» **Aim of the exercise**: Print the entire listing below word for word, excluding its pictures.

» **Input records**:

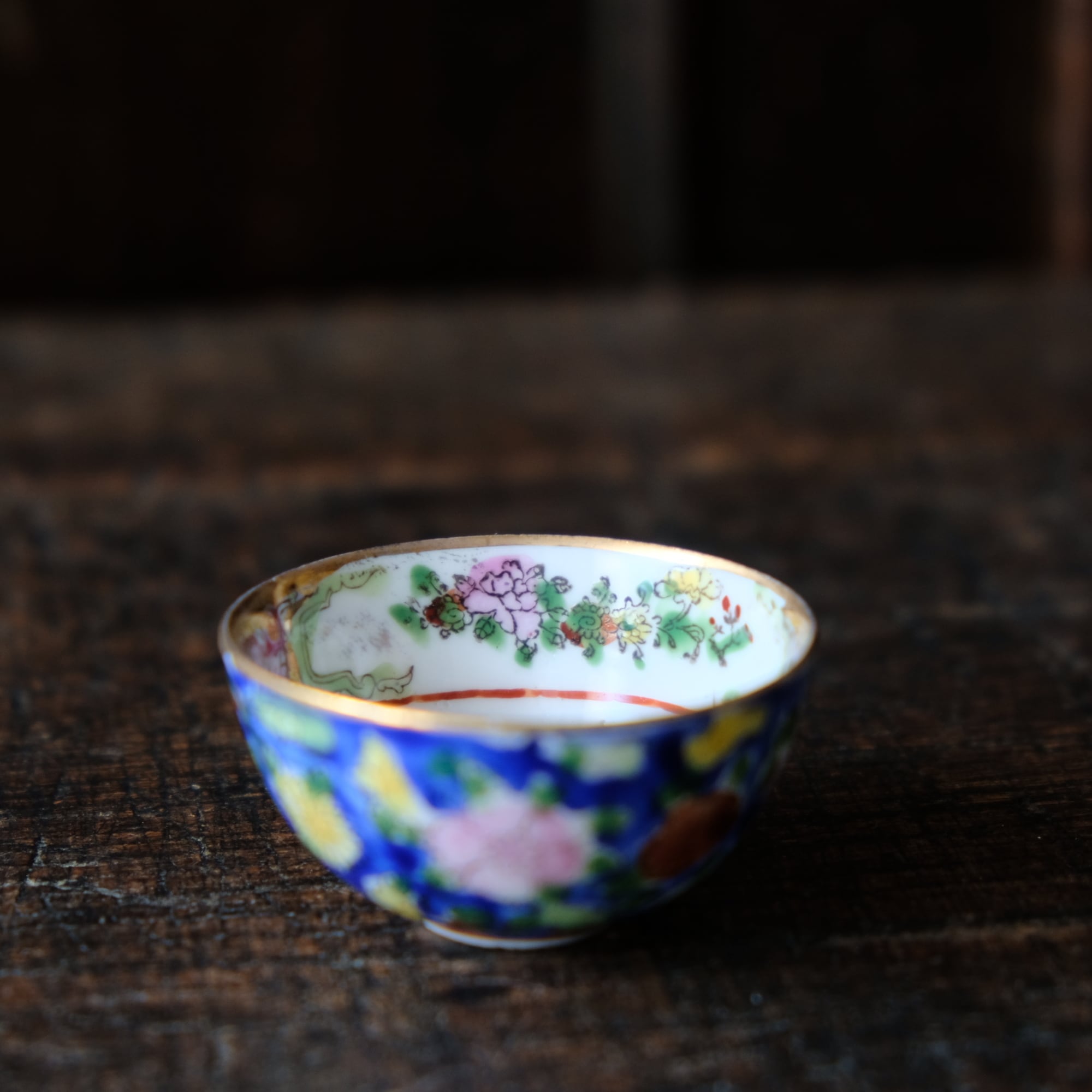 見込みにパンダ◆カラフルな花尽くし。中国産 チャイナレトロ 色絵金彩小ぶり猪口 シノワズリ
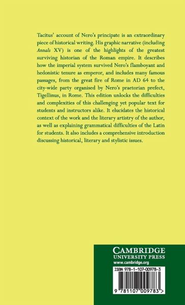 Tacitus' account of Nero's principate is an extraordinary piece of historical writing. His graphic narrative (including Annals XV) is one of the highlights of the greatest surviving historian of the Roman Empire. It describes how the imperial system survived Nero's flamboyant and hedonistic tenure as emperor, and includes many famous passages, from the Great Fire of Rome in AD 64 to the city-wide party organised by Nero's praetorian prefect, Tigellinus, in Rome. This edition unlocks the difficulties and complexities of this challenging yet popular text for students and instructors alike. It elucidates the historical context of the work and the literary artistry of the author, as well as explaining grammatical difficulties of the Latin for students. It also includes a comprehensive introduction discussing historical, literary and stylistic issues.
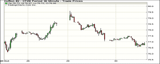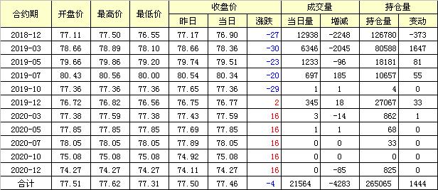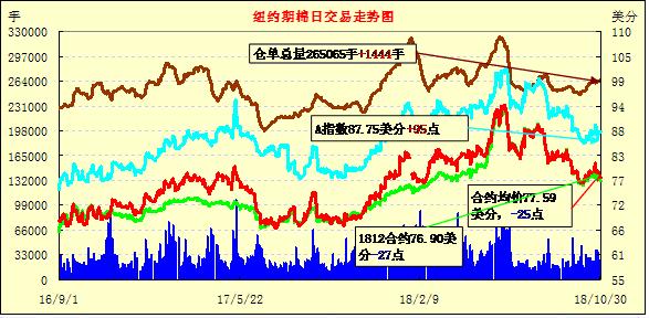 30日紐約期棉市場近跌遠漲。1812合約結算價76.90美分,跌27點;1903合約結算價78.36美分,跌30點;1905合約結算價79.51美分,跌23點。當日12月合約小幅低開,開盤后交易重心受支撐上行,至當日高點77.50美分處賣盤入場,市場承壓走低,低點處買盤發(fā)力,市場受支撐回彈,但因上漲動力不足,最終未能扭轉跌勢,以小幅下跌收盤。周二結算價76.90為10月11日以來最低。貿易戰(zhàn)陰云依舊揮之不去,有消息稱若中美兩國領導人在G-20的會晤未能緩解貿易戰(zhàn),美國或將在12月初公布對所有余下的中國進口商品加征關稅。此外,美國勞工部將于當?shù)貢r間本周周五公布最新的就業(yè)數(shù)據(jù),良好的就業(yè)數(shù)據(jù)代表了美國經(jīng)濟發(fā)展強勁,那么將有可能拉動紡織品內需。外圍美元指數(shù)上漲,小麥、大豆和玉米期貨下跌。周二美股三大股指集體收漲。
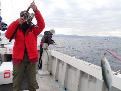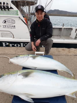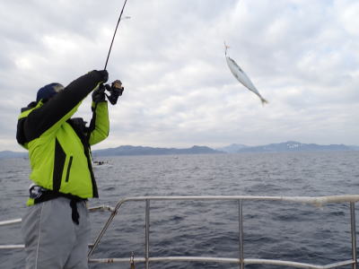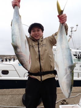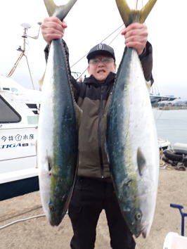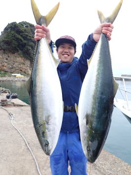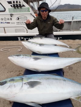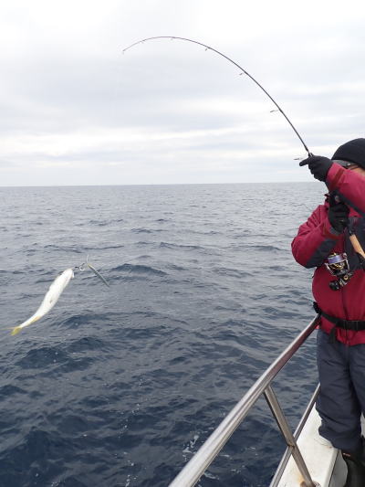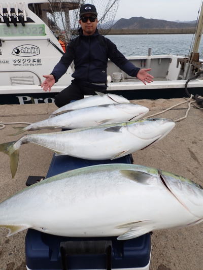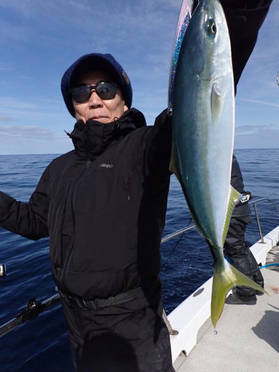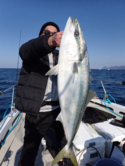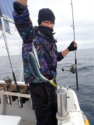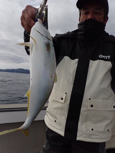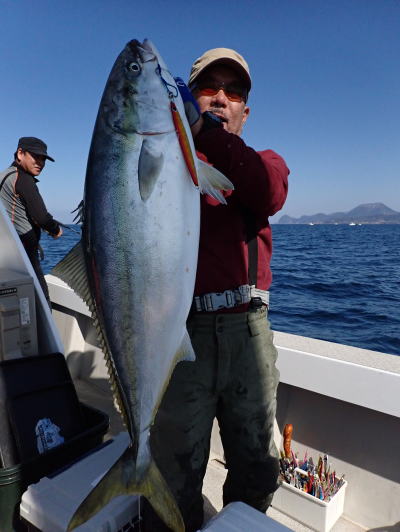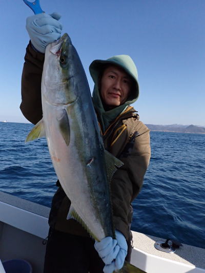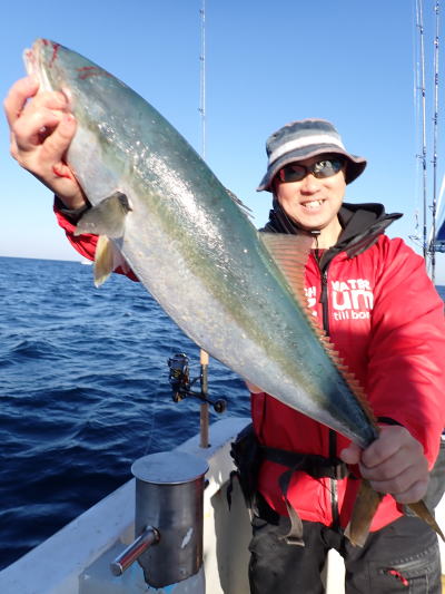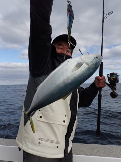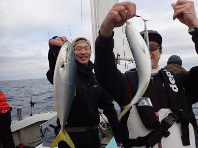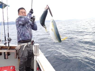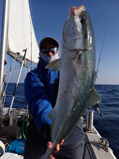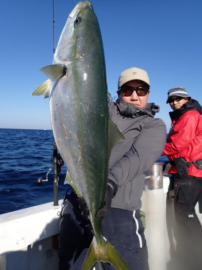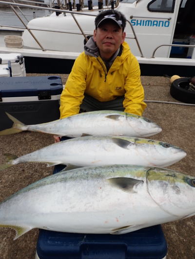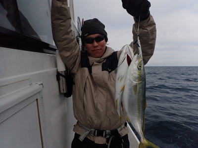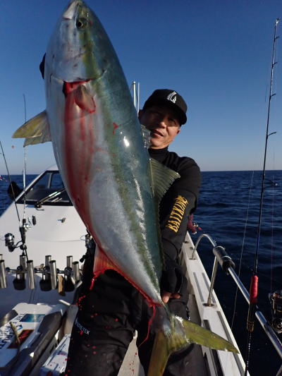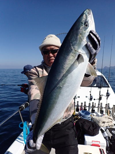 鰤感度爆発しました!船中の竿が曲がりだし怒涛のヒットで一気に10本キャッチ!てんてこ舞の船上になりましたが皆さんに協力していただき何とかネットが間に合いました。その他にも活性上がると3連発4連発4連発と一艇で21本のキャッチでした。明日は欠航ですが1日日曜日は今のところ出船予定ですのでご予約下さい。
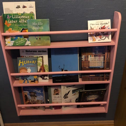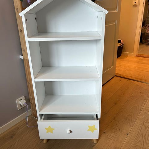 Søt bokhylle med oppbevaringsskuff selges. Pent, men «godt» brukt. Er noen små bruksmerker ettersom den har stått på et barnerom - se bilder.
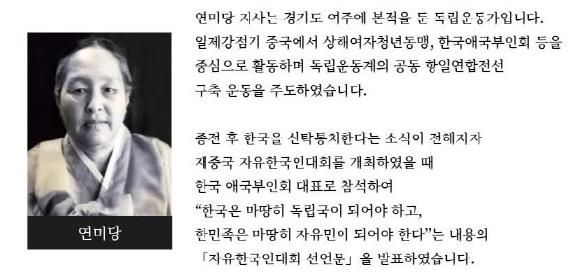 연미당 지사는 엄항섭 지사와 부부로, 일제강점기 중국에서 상해여자청년동맹, 한국애국부인회 등을 중심으로 활동하며 독립운동계의 공동 항일연합전선 구축 운동을 주도했다. 윤봉길 의사 의거에 사용된 도시락폭탄을 싼 보자기를 제작했다.
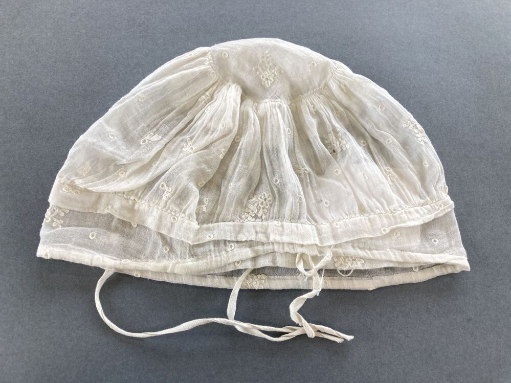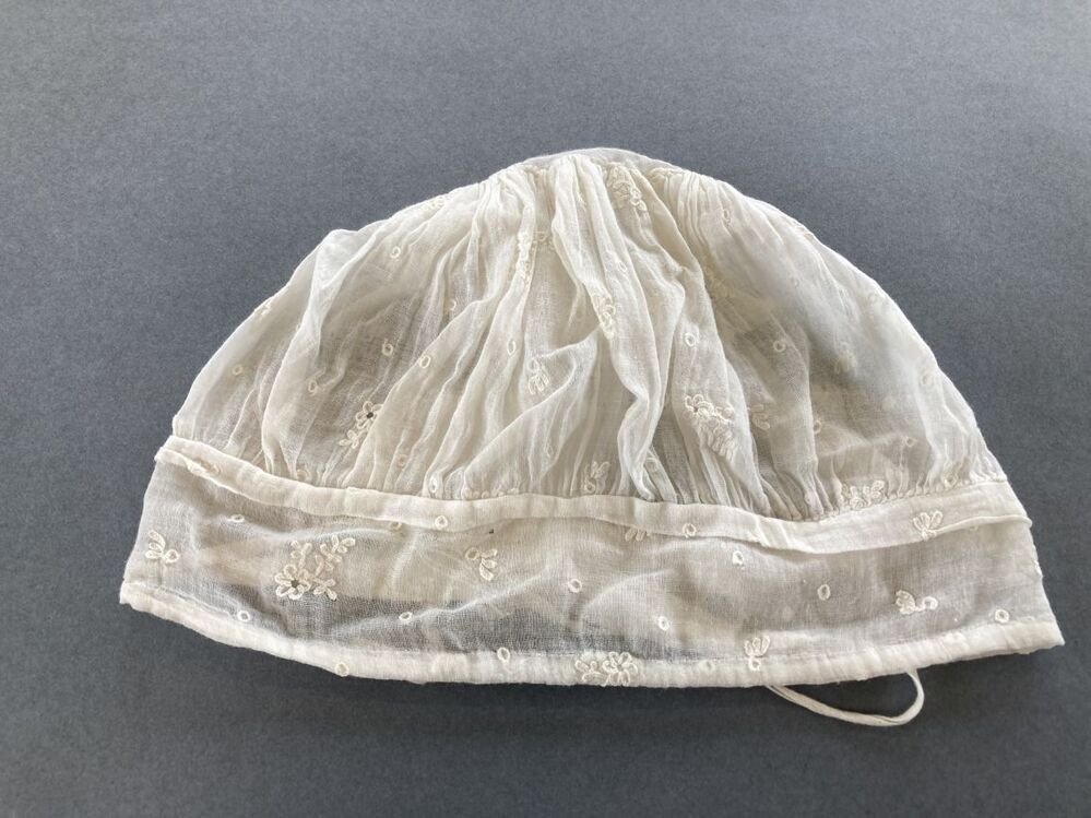 Kindermutsje van wit neteldoek, cirkelvormig bolletje waaraan een strook gerimpeld is, die ingehouden aan een band is gezet, tamboereerwerk, strooimotiefjes

» **Your solution**:
 見込みにパンダ◆カラフルな花尽くし。中国産 チャイナレトロ 色絵金彩小ぶり猪口 シノワズリ
 Tacitus' account of Nero's principate is an extraordinary piece of historical writing. His graphic narrative (including Annals XV) is one of the highlights of the greatest surviving historian of the Roman Empire. It describes how the imperial system survived Nero's flamboyant and hedonistic tenure as emperor, and includes many famous passages, from the Great Fire of Rome in AD 64 to the city-wide party organised by Nero's praetorian prefect, Tigellinus, in Rome. This edition unlocks the difficulties and complexities of this challenging yet popular text for students and instructors alike. It elucidates the historical context of the work and the literary artistry of the author, as well as explaining grammatical difficulties of the Latin for students. It also includes a comprehensive introduction discussing historical, literary and stylistic issues.
 30日紐約期棉市場近跌遠漲。1812合約結算價76.90美分,跌27點;1903合約結算價78.36美分,跌30點;1905合約結算價79.51美分,跌23點。當日12月合約小幅低開,開盤后交易重心受支撐上行,至當日高點77.50美分處賣盤入場,市場承壓走低,低點處買盤發(fā)力,市場受支撐回彈,但因上漲動力不足,最終未能扭轉跌勢,以小幅下跌收盤。周二結算價76.90為10月11日以來最低。貿易戰(zhàn)陰云依舊揮之不去,有消息稱若中美兩國領導人在G-20的會晤未能緩解貿易戰(zhàn),美國或將在12月初公布對所有余下的中國進口商品加征關稅。此外,美國勞工部將于當?shù)貢r間本周周五公布最新的就業(yè)數(shù)據(jù),良好的就業(yè)數(shù)據(jù)代表了美國經(jīng)濟發(fā)展強勁,那么將有可能拉動紡織品內需。外圍美元指數(shù)上漲,小麥、大豆和玉米期貨下跌。周二美股三大股指集體收漲。
 鰤感度爆発しました!船中の竿が曲がりだし怒涛のヒットで一気に10本キャッチ!てんてこ舞の船上になりましたが皆さんに協力していただき何とかネットが間に合いました。その他にも活性上がると3連発4連発4連発と一艇で21本のキャッチでした。明日は欠航ですが1日日曜日は今のところ出船予定ですのでご予約下さい。
 Søt bokhylle med oppbevaringsskuff selges. Pent, men «godt» brukt. Er noen små bruksmerker ettersom den har stått på et barnerom - se bilder.
 연미당 지사는 엄항섭 지사와 부부로, 일제강점기 중국에서 상해여자청년동맹, 한국애국부인회 등을 중심으로 활동하며 독립운동계의 공동 항일연합전선 구축 운동을 주도했다. 윤봉길 의사 의거에 사용된 도시락폭탄을 싼 보자기를 제작했다.
 Kindermutsje van wit neteldoek, cirkelvormig bolletje waaraan een strook gerimpeld is, die ingehouden aan een band is gezet, tamboereerwerk, strooimotiefjes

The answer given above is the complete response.